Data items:
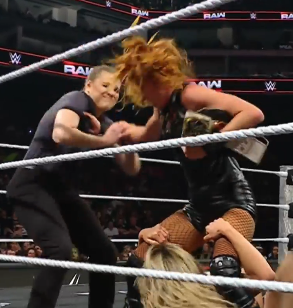 >gets grabbed by becky in you're path
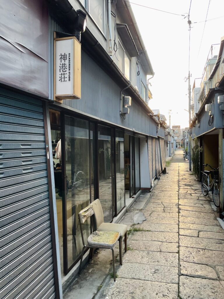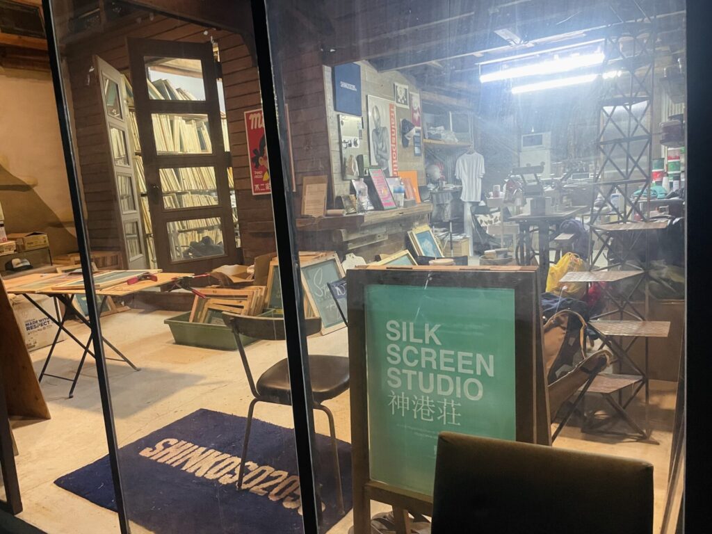元々は町の商店街であったのであろう、石畳の小道を進んだ先に、全面ガラス張りのおしゃれな空間が。ここは、アパレル制作やシルクスクリーン体験を行なっている「STUDIO 新港荘」さんのシルクスクリーンスタジオです。
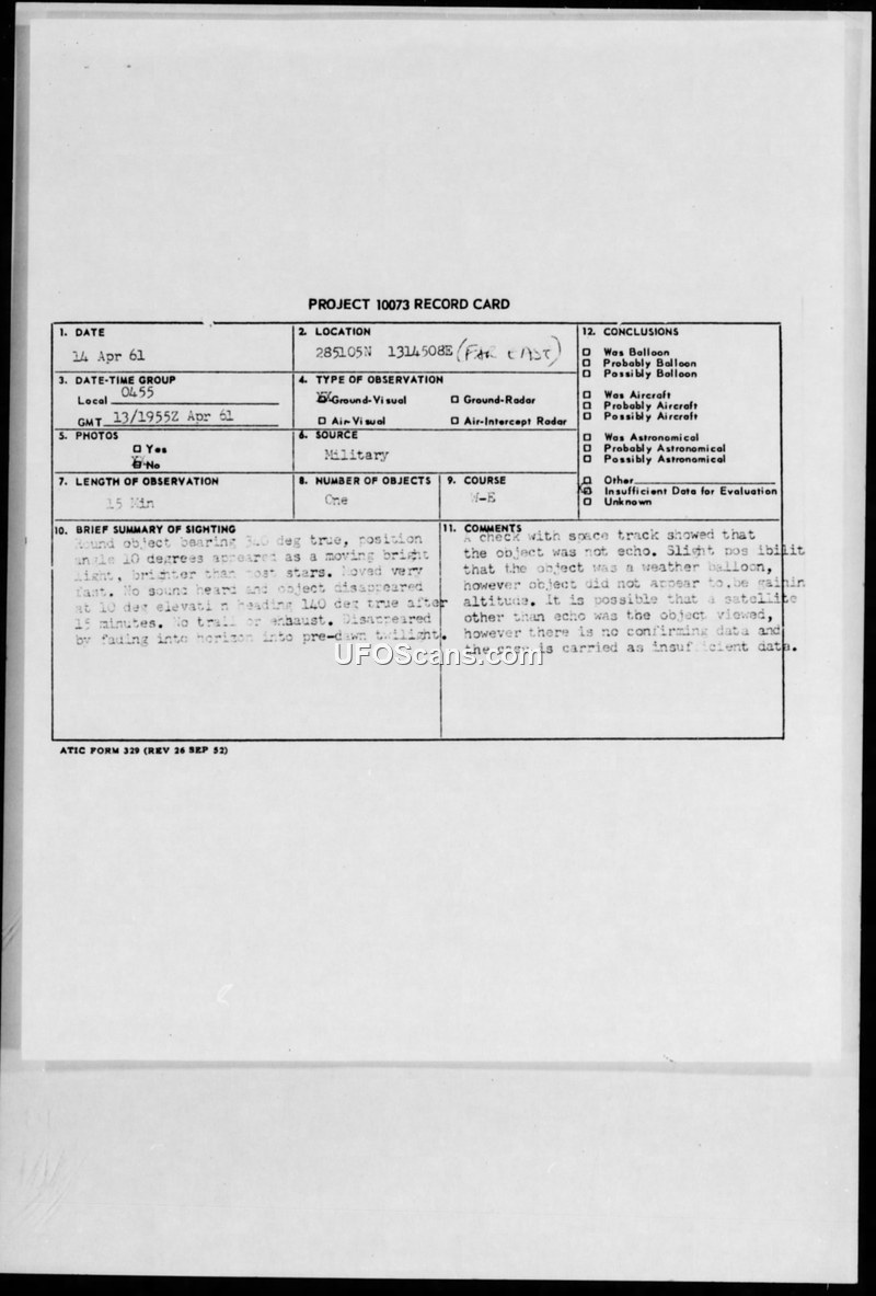 Project 10073 Record Card: Sighting of 14 April 1961
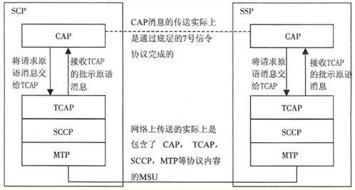 移動(dòng)智能網(wǎng)應(yīng)用部分(CAP)是遠(yuǎn)程操作服務(wù)單元(ROSE),ROSE規(guī)程包括在TCAP成份子層中,并作為單位數(shù)據(jù)(UDT)放在SCCP中傳送。我國CAP是建立在以TCAP和SCCP為基礎(chǔ)的No.7信令網(wǎng)傳送的,CAP受限于SSP-SCP、SCP-IP之間的接口規(guī)范。
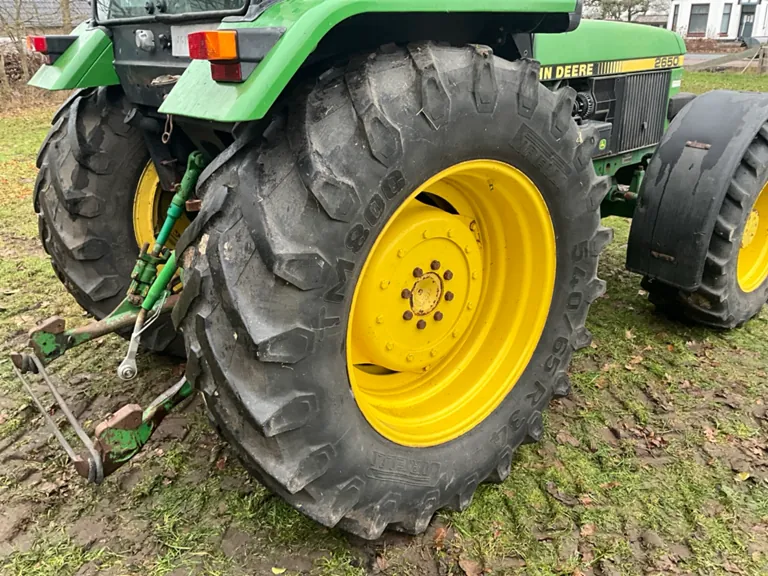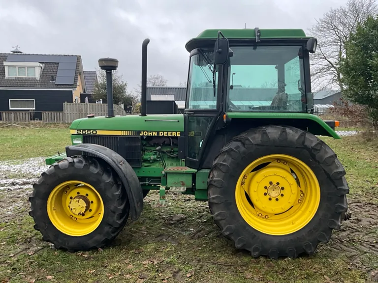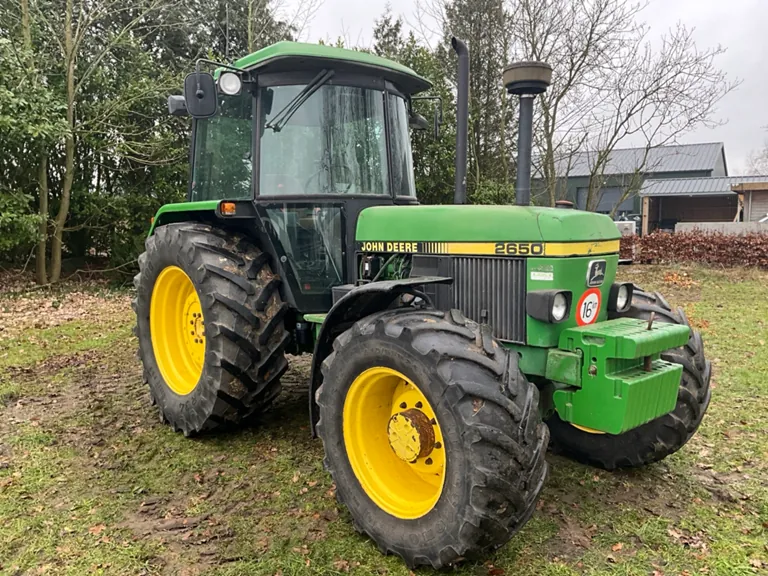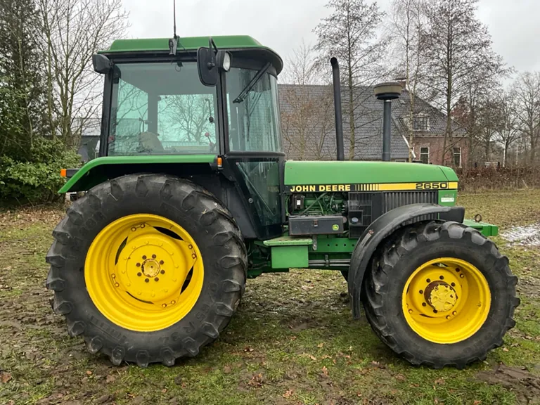 Trattore agricolo John Deere 2650 a quattro ruote motrici del 1990
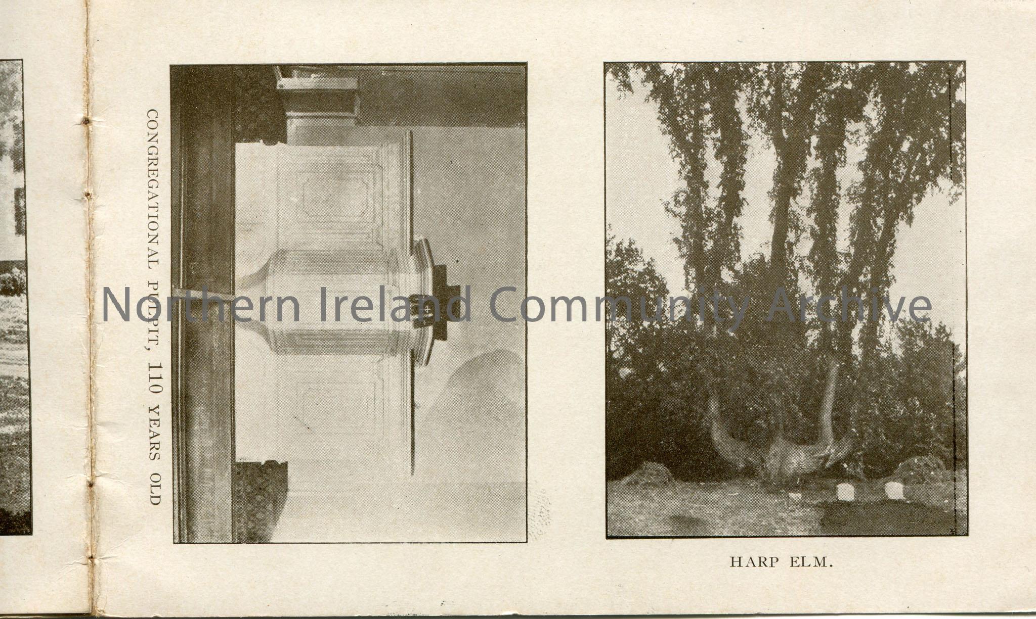 booklet of 9 black and white images captioned, 'Colerain Hotel', 'Colerain From Brown's Hill', 'Main Street', 'River Street, Looking South', 'River Street, Looking North', 'The Common', 'Congregational Pulpit, 110 Years Old', 'Harp Elm' and 'Cabin In The Woods'. 'The Common' has 'N.Constitution 11.7.39' handwritten in pencil below image.
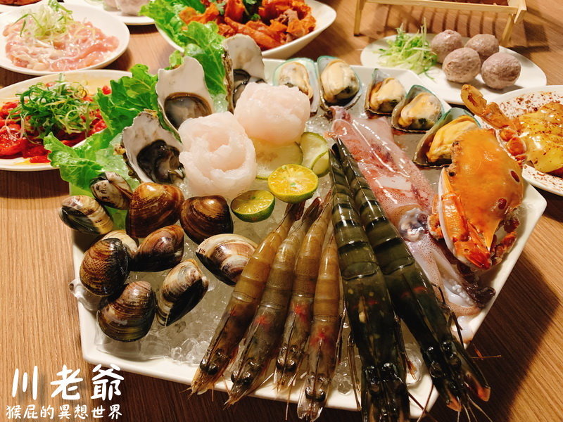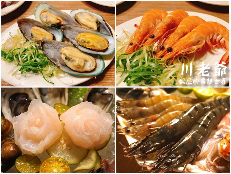 有螃蟹、大生蠔、大海老、白蝦、蛤蠣、玫瑰花魚片、特選透抽、頂級淡菜
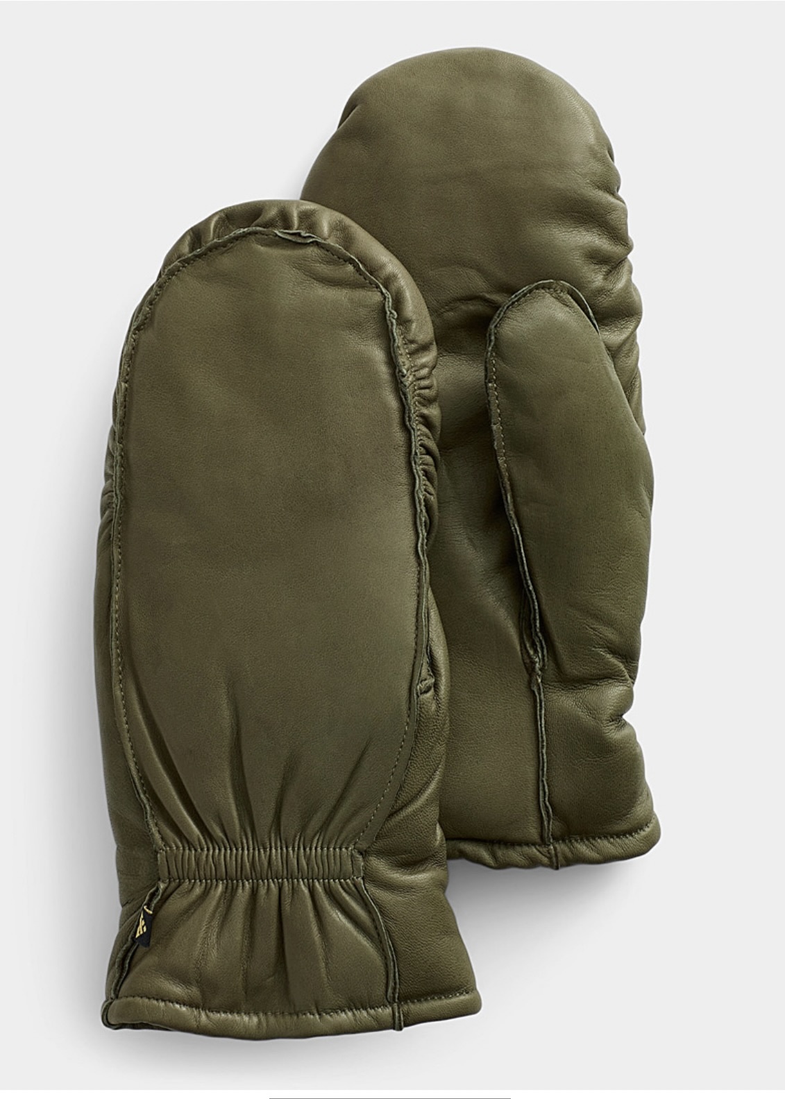 Soft sheepskin leather mitt with cozy inside micro fleece Thermolite insulation and "Cozy Fingers" fleece lining.
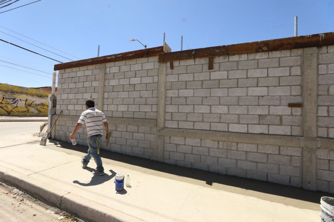 La Dirección General de Obras Públicas trabaja en la rehabilitación de una barda perimetral de la Escuela Primaria Insurgentes, ubicada entre la avenida 16 de Septiembre y la calle Miguel Hidalgo en la colonia Insurgentes.
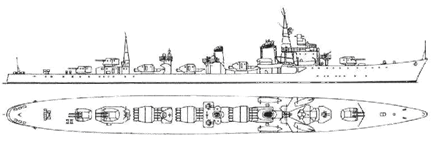 (1943-45) 4-5”/50cal, 22-25mm, 9-24” torpedo tubes Crew: 238

### Exercise details
Pictures should not appear in the copy. Write out exactly the lines above from the first one through the line that contains "booklet of 9".

### Reply to the exercise
 >gets grabbed by becky in you're path
元々は町の商店街であったのであろう、石畳の小道を進んだ先に、全面ガラス張りのおしゃれな空間が。ここは、アパレル制作やシルクスクリーン体験を行なっている「STUDIO 新港荘」さんのシルクスクリーンスタジオです。
 Project 10073 Record Card: Sighting of 14 April 1961
 移動(dòng)智能網(wǎng)應(yīng)用部分(CAP)是遠(yuǎn)程操作服務(wù)單元(ROSE),ROSE規(guī)程包括在TCAP成份子層中,并作為單位數(shù)據(jù)(UDT)放在SCCP中傳送。我國CAP是建立在以TCAP和SCCP為基礎(chǔ)的No.7信令網(wǎng)傳送的,CAP受限于SSP-SCP、SCP-IP之間的接口規(guī)范。
 Trattore agricolo John Deere 2650 a quattro ruote motrici del 1990
 booklet of 9 black and white images captioned, 'Colerain Hotel', 'Colerain From Brown's Hill', 'Main Street', 'River Street, Looking South', 'River Street, Looking North', 'The Common', 'Congregational Pulpit, 110 Years Old', 'Harp Elm' and 'Cabin In The Woods'. 'The Common' has 'N.Constitution 11.7.39' handwritten in pencil below image.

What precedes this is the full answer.